Reasoning is a stable court of justice menaced by the threat of uncivil sentences issued by unstable sovereigns (Fenves, 2003, p. 36). Under this lamentable condition, in which sovereignty appears at stake, there is no way for a society other than to indulge in war, this way war becomes a civic affair or a reason, which champions the human and comes into irresolvable conflict with power. Nothing is more important for the vast project of philosophical review and doctrinal codification that what humans according to Kant seeks to show the means and manner by which all of us-princes and subjects alike-give laws to nature.

Sovereignty is or might be led to democracy but the social compact that secures and justifies the sovereign authority is not a contract between the citizens and the sovereign state, because according to the Kantian theory of peace, democracies never violates or fights. Therefore the best option to provide the reason behind avoiding war is to be democratic. For the sovereign cannot be bound by any contract or promise, or transcendental freedom that suggests to assume the presence of a third power, more powerful than both the sovereign and citizens, who could enforce such a contract, and there exists no such third power in this scenario.

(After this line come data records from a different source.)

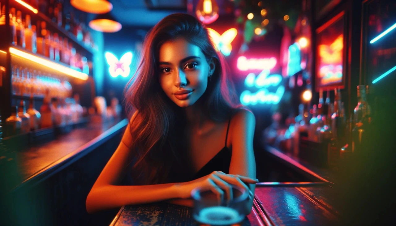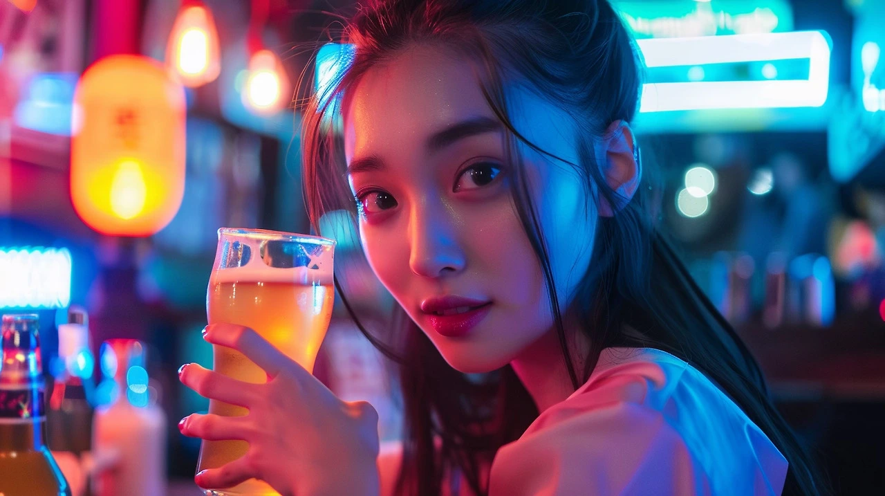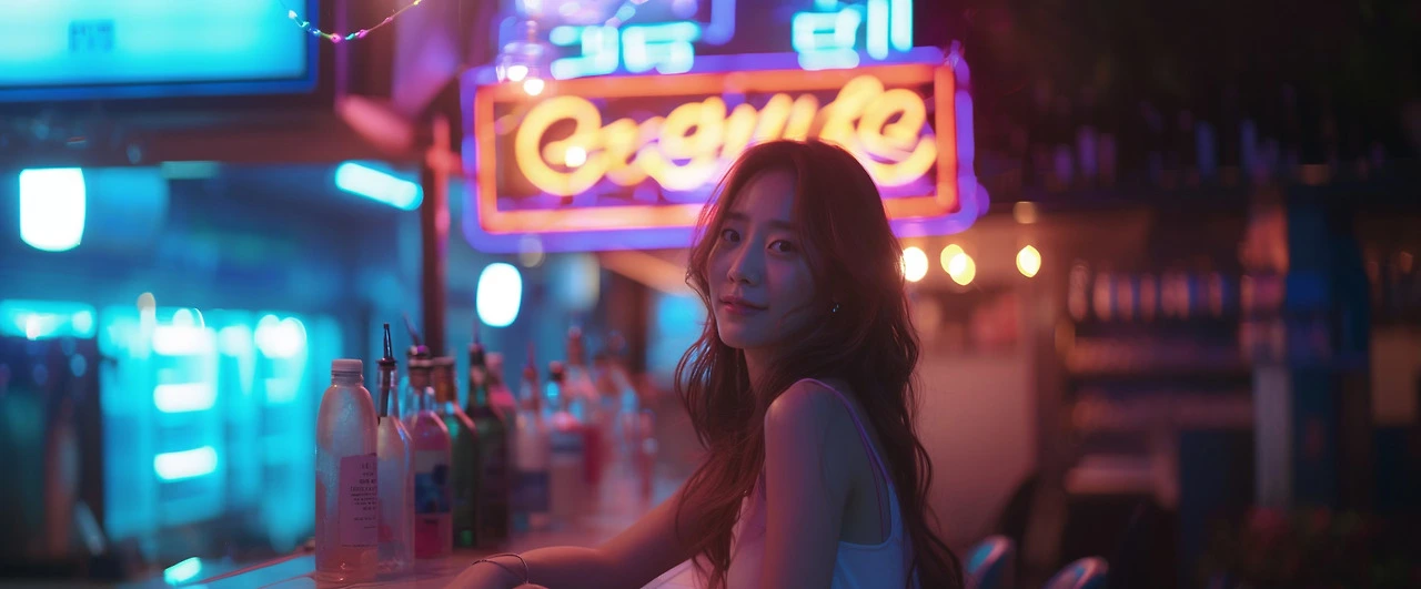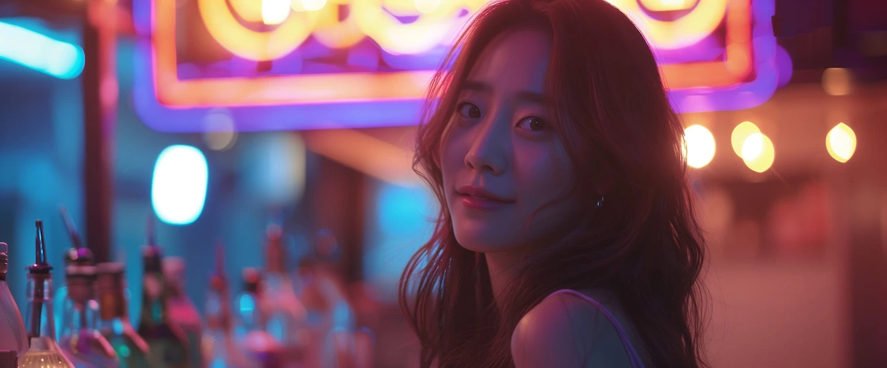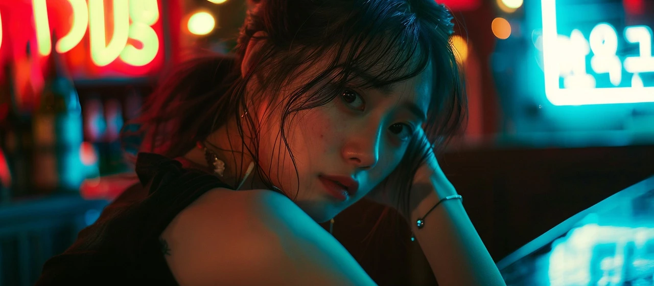 다양한 광원과 환경 내에서 각각의 인물을 어떻게 표현해 내는지에 대한 연구가 필요하겠다. 우선, 비슷한 네온 조명 환경의 실내에서의 결과물을 요청하였다. Cinematic 스타일로 네온 조명의 바에 앉아 있는 한국의 20대 여성이 관객을 쳐다보는 장면을 입력하였으며 50mm 렌즈의 아나몰픽 비율을 활용하여 영화관 스크린의 배우가 관객을 눈앞에서 바라보는 것과 같은 장면을 연출하였다.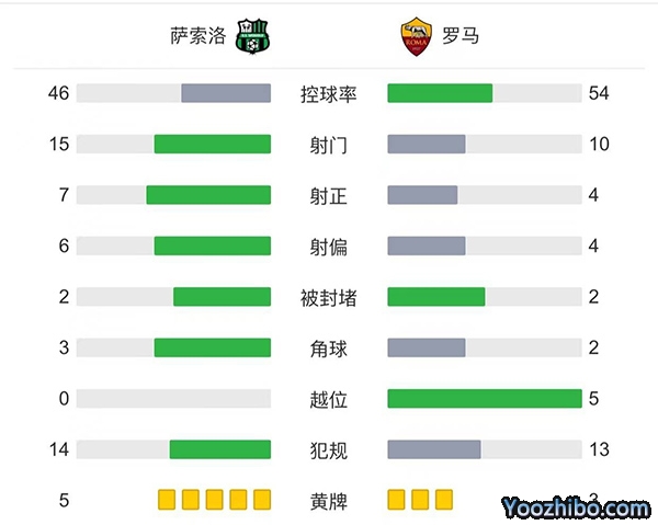 全场比赛结束,最终罗马客场1-1客平萨索洛。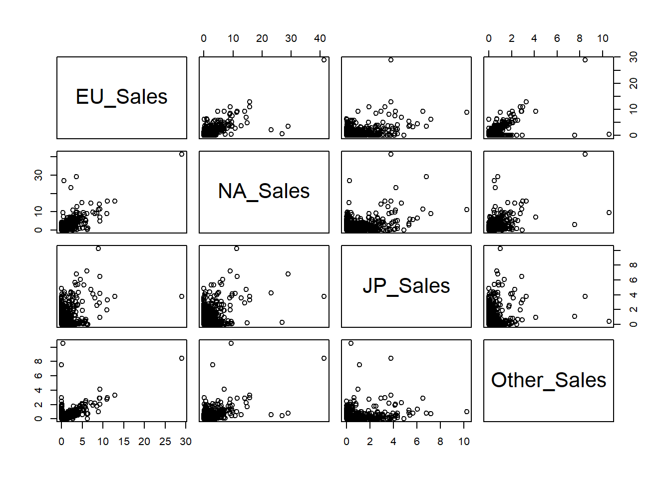 pairs(datos[, c("EU_Sales", "NA_Sales", "JP_Sales", "Other_Sales")])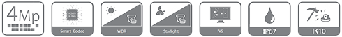 > RoI, SMART H.264+/H.265+, codificación flexible, aplicable a diversos entornos de ancho de banda y almacenamiento.
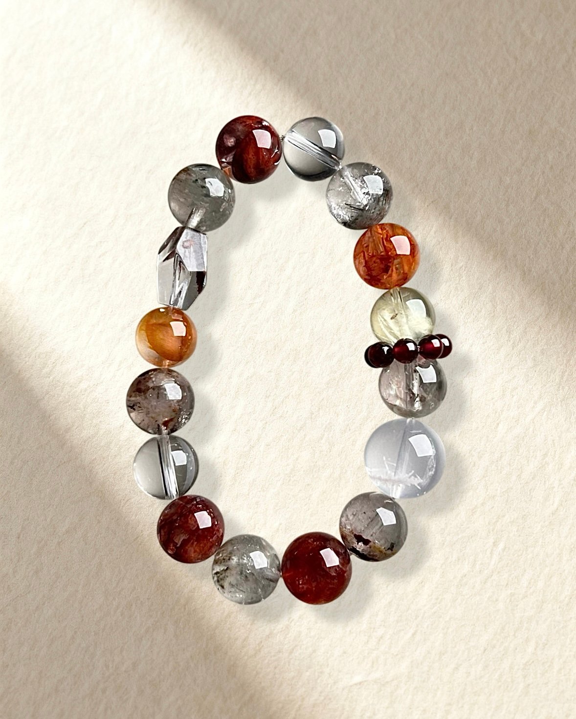 Black Rutilated Quartz, Red Hematoid Quartz, Yellow Azeztulite, Phantom Quartz, Clear Quartz, with Garnet accent bead.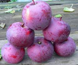Плоды среднего размера, уплощенно-округлые или округло-конические, слаборебристые к вершине. Основная окраска светло-желтая, покровная занимает почти всю поверхность плода – интенсивный бордово-красный румянец. Сильный сизый восковой налет придает плодам вид фиолетовых. Мякоть белая, плотная, сочная, сладкая, без кислого привкуса, ароматная, хорошего вкуса.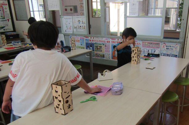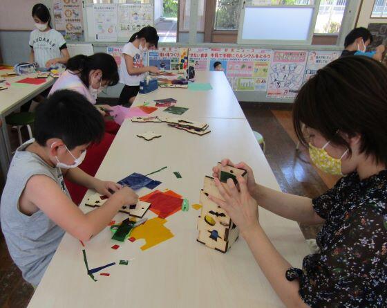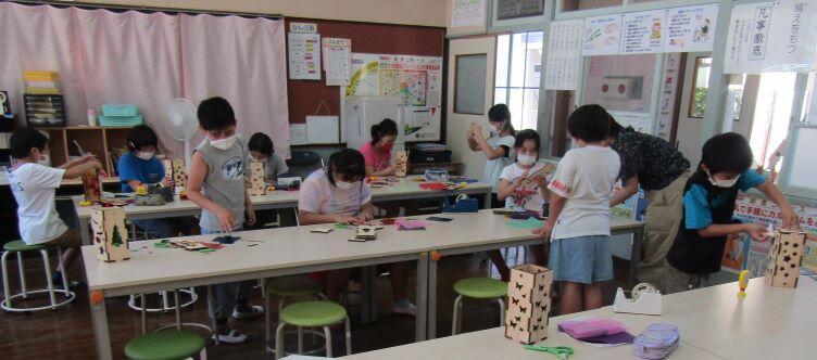 6月23日(火) この日は2回目のクラブがありました。前回はスポーツをを楽しみましたが、今回は木工です。木工と聞くと、板を切ったり、金づちでトントンしたりすることを連想しますが、この日の木工は、ランプづくりでした。あらかじめ作ってある板を組み合わせたり、セロハンを貼ったりして、オリジナルのランプを作りました。明かりをつけたランプはきれいでしたでしょうか?材料をいただいた木工所の方、ありがとうございました。

Reasoning in political scenario can best explained by democracy, which no longer is explained by political authorities because politicians today are deprived of any reasonable justification to themselves with reference to their origins. Therefore the fundamental role of political institutions in establishing citizen freedom does not fulfill the criteria to what Kant calls ‘courage to use their own reasoning’. This has led us to a political exhaust where consideration of contemporary social contract theory lacks the requirement of citizen consent that has been replaced by the standard of political legitimacy, the latter merely requiring a kind of idealized hypothetical consent.

References

Beiser C. Frederick, (1992) Enlightenment, Revolution, and Romanticism: The Genesis of Modern German Political Thought, 1790-1800: Harvard University Press: Cambridge, MA.

Buchan Bruce, (2002) Explaining War and Peace: Kant and Liberal IR Theory, Alternatives: Global, Local, Political. Vol. 27. No. 4, pp. 407.

Fenves Peter, (2003) Late Kant: Towards Another Law of the Earth: Routledge: New York.

Flikschuh Katrin, (2000) Kant and Modern Political Philosophy: Cambridge University Press: Cambridge, England.

Kant Immanuel, Perpetual Peace: A philosophical Sketch. Web.